韓長河橫了老婆一眼,林燕趕忙制止:“就讓大娘說出來吧,總憋着也不好。”
“臭小子非要做生意,把家裡的錢都投下去了,還欠了一屁股債,他成天喊頭疼,我也沒在意,沒想到得了這個病,醫生說,瘤子隨時會破裂,他現在命懸一線,嗚嗚。”
大概兒子也住這個院子,韓長河夫婦說話聲音很小,韓大娘壓抑的低聲啜泣,讓林燕心裡一陣難過:“韓師傅,你怎麼不早說呀,車間的同事湊一湊,好歹先治病再說。”林燕都不知道這個能不能治療,她以前聽這樣的病,就只能等死,說這話時一點底氣也沒有。
“五十多萬啊,要是一二十萬,我早就去了。”韓長河低聲感慨了一句,“臭小子不聽話啊,把這院兒抵押貸款了,不然,我們賣了這個,也能夠他治病的。
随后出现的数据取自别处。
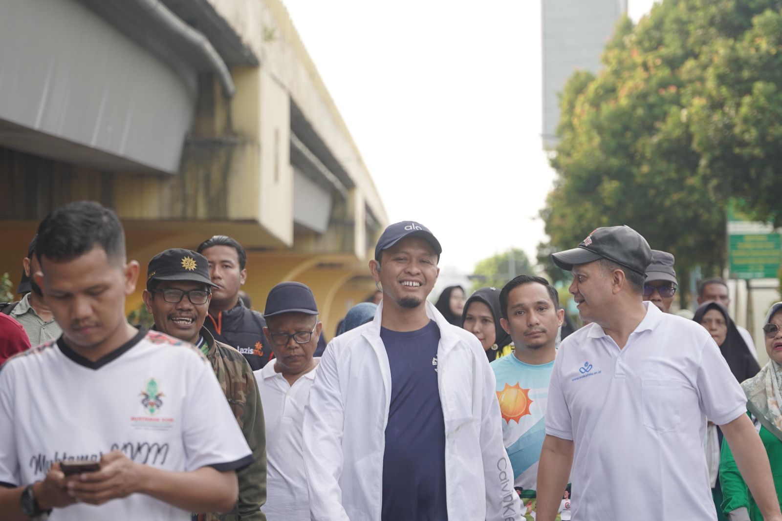 Agung juga menunjukkan dukungannya kepada pelaku UMKM dengan memborong dagangan "es teh keliling" untuk dibagikan secara gratis kepada para peserta jalan sehat.

”
聽師傅這麼說,林燕反而鬆口氣,只要有價,證明就有治療方法。
“韓師傅,明天,我陪你和你兒子去醫院檢查,多少錢我先墊着。”林燕道。
“這怎麼行?”
“韓師傅,說實話,我來這裡是請你忙的,等安排好了你兒子,你幫我工作,慢慢還吧。”
“林燕,我這一把老骨頭,哪裡能值這麼多錢?若臭小子能活下來,我們父子一起來還吧。”
“先看病,其他事情再說。”黃偉良插了一句。
“林燕,你晚上過來,事情是不是比較急?反正我也不是醫生,明天,我就開始工作,安俊讓他媳婦陪着就行。”
韓長河還真是個急性子。
“不着急。韓師傅。”林燕不管多急,也不能答應。
“你還是讓我去吧,不然,我心裡不安。”韓長河這麼做,還真是他本性使然。
“韓師傅,明天我陪你們去醫院,等把你兒子安排好,你再去工作吧,林燕是你徒弟,她先頂幾天。”黃偉良說道。
韓長河不再爭執,點頭答應了。
林燕第二天去了安裝現場,新來的監理工程師寸步不離地守在工作地,那些不合格零件,全部被挑揀出來運走了。晚上,林燕回到家裡,黃偉良已經到家了,兩人簡單說了一下自己的情況。
“林燕,昨天我還很擔心腦血管瘤沒法治,現在醫學還真發達,把給血管瘤供血的毛細血管堵住,那瘤子就會自然死亡,這個病就不治而愈了。”
“怎麼堵住?”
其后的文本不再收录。